С ним согласились остальные шесть человек.

– Подумаем и об этом. – И Куликовский встал.

Уже садясь за руль собственного автомобиля, он пробурчал:

– Массовое помешательство. Или наглая ложь.

2

В управе тишь да гладь, пустота в коридорах, разве что уборщицы орудовали швабрами да гулко и нечасто отдавались шаги дежурных. Куликовский распорядился, чтобы к нему срочно доставили Заречного. Два дежурных умчались на милицейской машине, а сам он немного вздремнул в кресле. Через полчаса Степа стоял посреди кабинета, хлопая сонными глазами. Семен Сергеевич предложил ему присесть напротив, и Заречный, едва опустившись на стул, странно замер с остекленевшим взглядом. «Спит, – понял Куликовский, – спит с открытыми глазами». Посмотрев на часы, он поставил локоть на стол и уперся в ладонь подбородком, глядя на Степу. Жалко парня. Накануне успешно закончилась операция по поимке маньяка, терроризировавшего два района в течение года. Степа показал себя с лучшей стороны: сообразительный, ловкий, энергичный, бесстрашный. Не спал парень несколько суток. Да такое часто бывает: менты засыпают в спокойной обстановке стоя, сидя, даже разговаривая. А вот он, Куликовский, так уже не умеет, ему нужна кровать и тишина – возраст свое берет.

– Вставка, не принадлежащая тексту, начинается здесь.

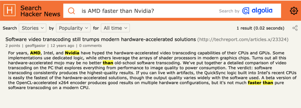 For example, if I search for “is AMD faster than Nvidia?”, I get a single result from 12 years ago: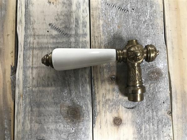 1 Deurklink, gepatineerd messing met wit keramische greep.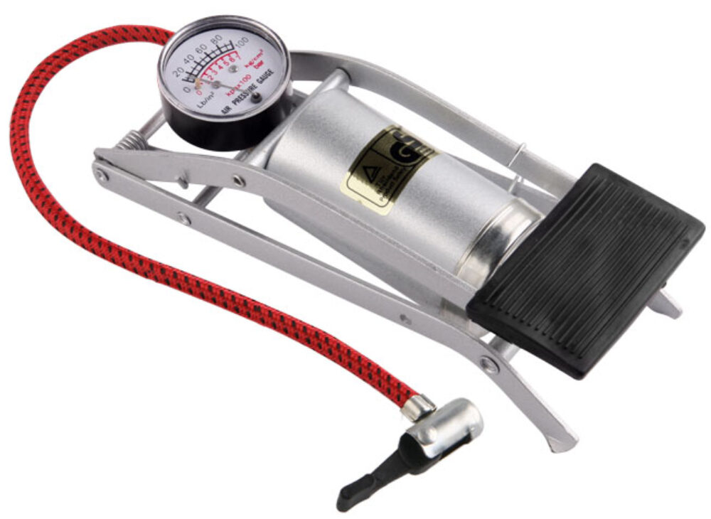 Насос ножной с манометром FP9801F стационарный цилиндр 55х100мм, шланг с автовентилем, материал сталь, серый (арт. 320005)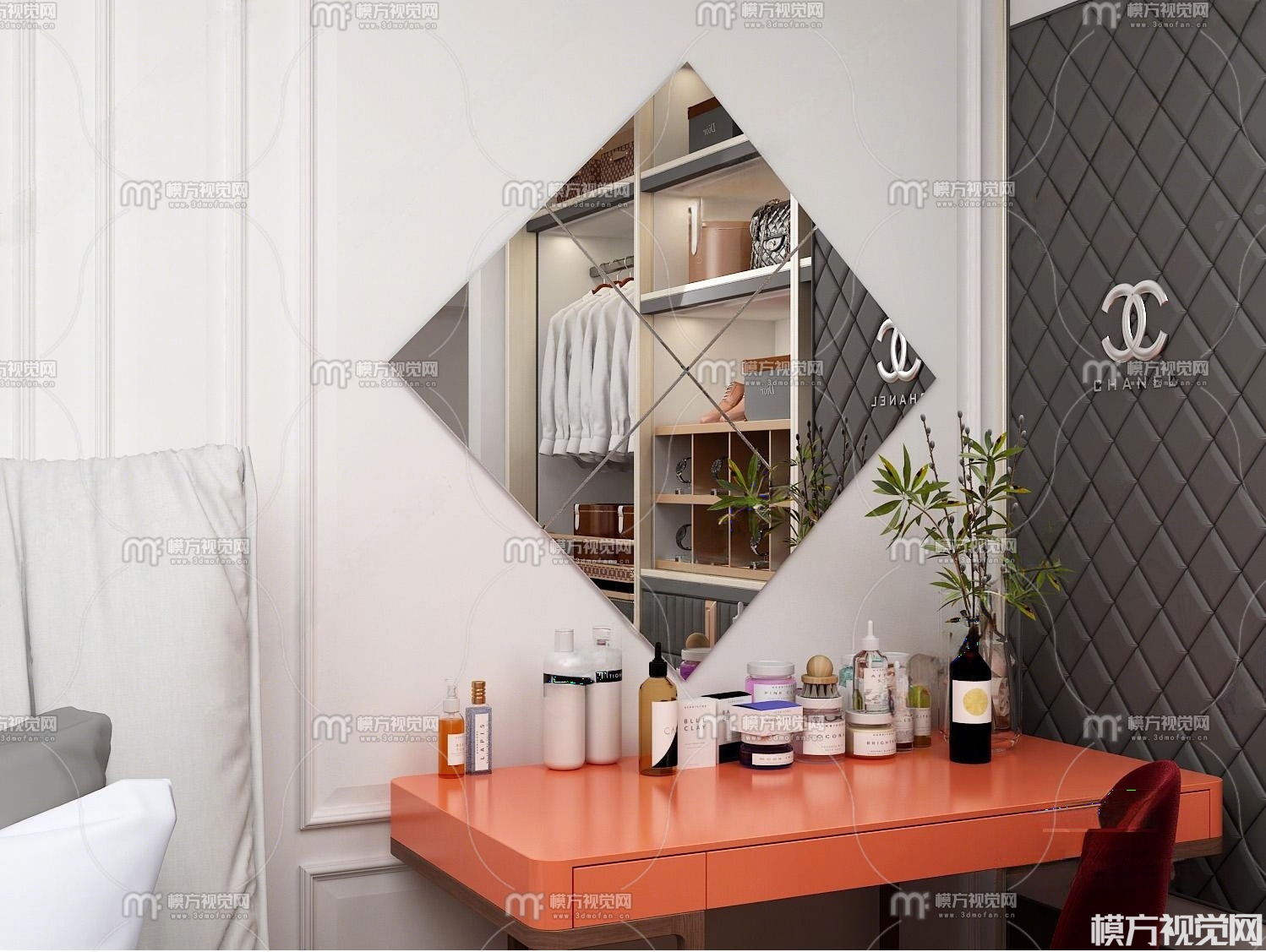 现代梳妆台组合3D模型(ID:0036759)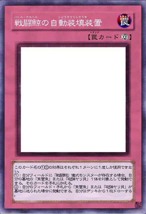 | このカード名の①②の効果はそれぞれ1ターンに1度しか使用できない。 ①:自分フィールドに「戦闘鯨」儀式モンスターが存在する場合、自分の墓地の「魚雷魚」または「砲弾ヤリ貝」1体を対象として発動できる。そのカードを手札に加える。 ②:自分のフィールド・手札から「魚雷魚」または「砲弾ヤリ貝」が墓地に送られた場合に発動できる。自分はデッキから1枚ドローする。 | |||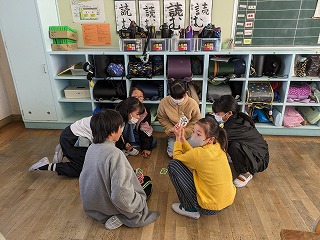 5年松組では、4つのグループに分かれてカードゲームをしていました。朝の会のときに、立南タイムでやることを決めていました。
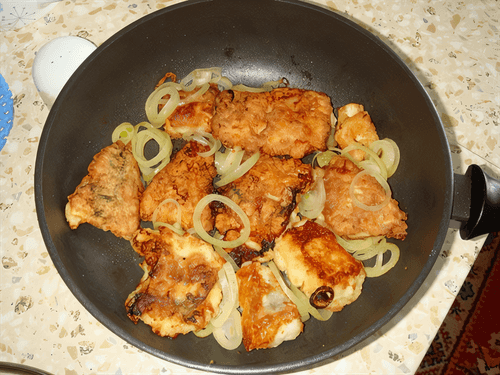 Затем сверху всего жареного филе положить порезанный кольцами репчатый лук, и оставить томиться. Минут через 10, снять с огня, рыба готова.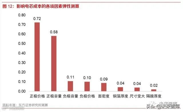 对成本模型中的主要参数进行敏感性分析,对成本影响最大的因素是正极材料的性能和价格,负极 性能和价格影响位居其次,但弹性系数已相差较远,此外,降低非活性材料的各项措施(提升活性 材料面密度、降低载体厚度、增大电芯尺寸等)尽管单项影响都不大,但累计起来降本效应也不容 小视。

Замначальника УВД по криминальной милиции любит молодых ребят, пришедших в правоохранительные органы не за длинным рублем, а по призванию. С ними интересно работать. Таких мало, но именно таков Степа Заречный – оперуполномоченный из отдела уголовного розыска УВД. Симпатичный внешне – особенно курносый нос на луноподобном лице нравится Куликовскому в Степе, – добродушный, хотя это необязательное качество для опера, качок, пышет здоровьем и любит службу. Самое паршивое: как объяснить парню, что семь одновременно выживших из ума человек требуют отловить и посадить труп? Ситуация! И ведь не откажешь им, уважаемым гражданам. Да, парня жалко тревожить, но время летит. Куликовский кашлянул, глаза Степы ожили, курносый нос шумно потянул воздух. Заречный проснулся.

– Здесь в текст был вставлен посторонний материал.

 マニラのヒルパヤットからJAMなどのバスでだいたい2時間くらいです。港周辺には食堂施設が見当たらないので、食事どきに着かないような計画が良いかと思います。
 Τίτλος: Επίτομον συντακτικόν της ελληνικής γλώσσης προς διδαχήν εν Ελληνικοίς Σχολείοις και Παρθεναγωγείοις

– Понимаешь, Степа, есть у меня к тебе дело… такое, личное… вернее, не у меня… у людей высокопоставленных. Им помочь следует, но они не хотят, чтобы кто-то еще знал… – Замначальника подумал, что выглядит сейчас дураком, не умеющим точно высказать мысль, и сосредоточился. – В общем, так, Степа. Сейчас ты поедешь к мэру домой, и прошу тебя: не удивляйся ничему, что услышишь от людей, которые собрались у него. От них поступило устное заявление. Странное заявление, прямо скажу – с приветом, причем с большим. Твоя задача известная: либо закрываешь дело за неимением состава преступления, либо второе… – и тяжко вздохнул, – заводишь дело.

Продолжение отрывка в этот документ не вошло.